Statin use tied to joint replacement risk

A French study presented at EULAR 2024 reveals an association between statin treatment and an increased risk of total joint replacement in individuals with knee and hip osteoarthritis (OA).

“In our study, the use of statins is associated with a higher risk of [knee and hip] prostheses in a population [of individuals aged] between 40 and 75 years,” said Dr Christian Roux from the University Cote d’Azur, Nice, France, during his presentation at EULAR 2024.

Compared with individuals who were not treated with statins, those on statins had a significantly higher risk of knee (hazard ratio [HR], 1.49, 95 percent confidence interval [CI], 1.44–1.55) or hip replacement (HR, 1.38, 95 percent CI, 1.34–1.44; p<0.0001 for both). These results were derived from logistic regression after adjustments for age, sex, and comorbidities had been made. [EULAR 2024, abstract OP0281]

These results were further confirmed on sensibility analysis using a propensity score for both knee and hip prostheses fitting (HR, 1.22, 95 percent CI, 1.18–1.28; p<0.0001 for both outcomes). These findings indicate that the risk of knee and hip prosthesis was 22-percent greater among those who were treated with statins, noted Roux.

Beyond lipid-lowering properties

“[Although] the role of cholesterol metabolism has not been fully investigated … the proinflammatory effect of lipids and adipokine-linked pro-inflammatory cytokines and pathways have been shown to be associated with the pathogenesis of OA,” said Roux. “Therefore, lipid metabolism could be attractive targets for OA management.”

Statins are the most effective lipid-lowering agents, but they have more than just cholesterol-lowering properties, Roux stressed. “Statins have shown a strong effect [against] cardiovascular mortality … The anti-inflammatory effect of statins has been well-known for many years and has led to discussions on its use in rheumatoid arthritis.”

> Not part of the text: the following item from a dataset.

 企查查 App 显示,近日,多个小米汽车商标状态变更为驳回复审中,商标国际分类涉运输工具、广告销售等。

Furthermore, the effects of statins on cartilage has been shown in animal models, demonstrating its ability to reduce the synthesis of certain metalloproteases, Roux continued.

Roux and colleagues set out to evaluate the risk of total knee or hip replacement in patients treated with statins and compared it against those who had no statin treatment in a French National Health Insurance cohort comprising >1M individuals. Of these, 274,801 patients have received statins (mean age 60.2 years, 58.1 percent men) while 795,491 have not (mean age 56.1 years, 48.1 men).

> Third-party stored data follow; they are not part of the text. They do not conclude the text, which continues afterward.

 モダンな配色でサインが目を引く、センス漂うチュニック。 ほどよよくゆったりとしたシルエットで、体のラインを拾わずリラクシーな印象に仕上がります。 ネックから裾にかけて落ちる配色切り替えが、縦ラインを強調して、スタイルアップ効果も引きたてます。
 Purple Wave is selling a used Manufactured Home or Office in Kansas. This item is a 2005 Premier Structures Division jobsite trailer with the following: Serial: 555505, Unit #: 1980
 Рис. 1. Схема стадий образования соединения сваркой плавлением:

A third of statin-treated patients had cardiovascular disease, while a quarter had diabetes. The corresponding percentages in the no-statin group were 7 and 7.7 percent, respectively. About 20 percent of the overall cohort were undergoing treatment for hypertension. “There was more comorbidities in the statin group as expected,” commented Roux.

The most commonly used statin was atorvastatin (63 percent), followed by simvastatin (16 percent), pravastatin (13 percent), rosuvastatin (7 percent), and fluvastatin (1 percent).

A total of 5,788 knee replacements and 5,347 hip replacements were performed in the statin group during follow-up. In the no-statin group, the corresponding numbers were 9,928 and 10,170, respectively.

Conflicting evidence

The link between statins and OA progression remains unclear, as evidence on their association are conflicting. According to Roux, some studies show little effect, a few demonstrated an increased OA risk, but most studies reveal no effect. Even meta-analyses reflect contradicting results, he added.

“[Although] the literature is confusing, our study confirms the results of the few studies showing an increased [risk] of OA progression,” said Roux.

“Different hypotheses may be discussed. The answer probably lies in the pleiotropic effect of statins and activation of specific pathways,” he concluded.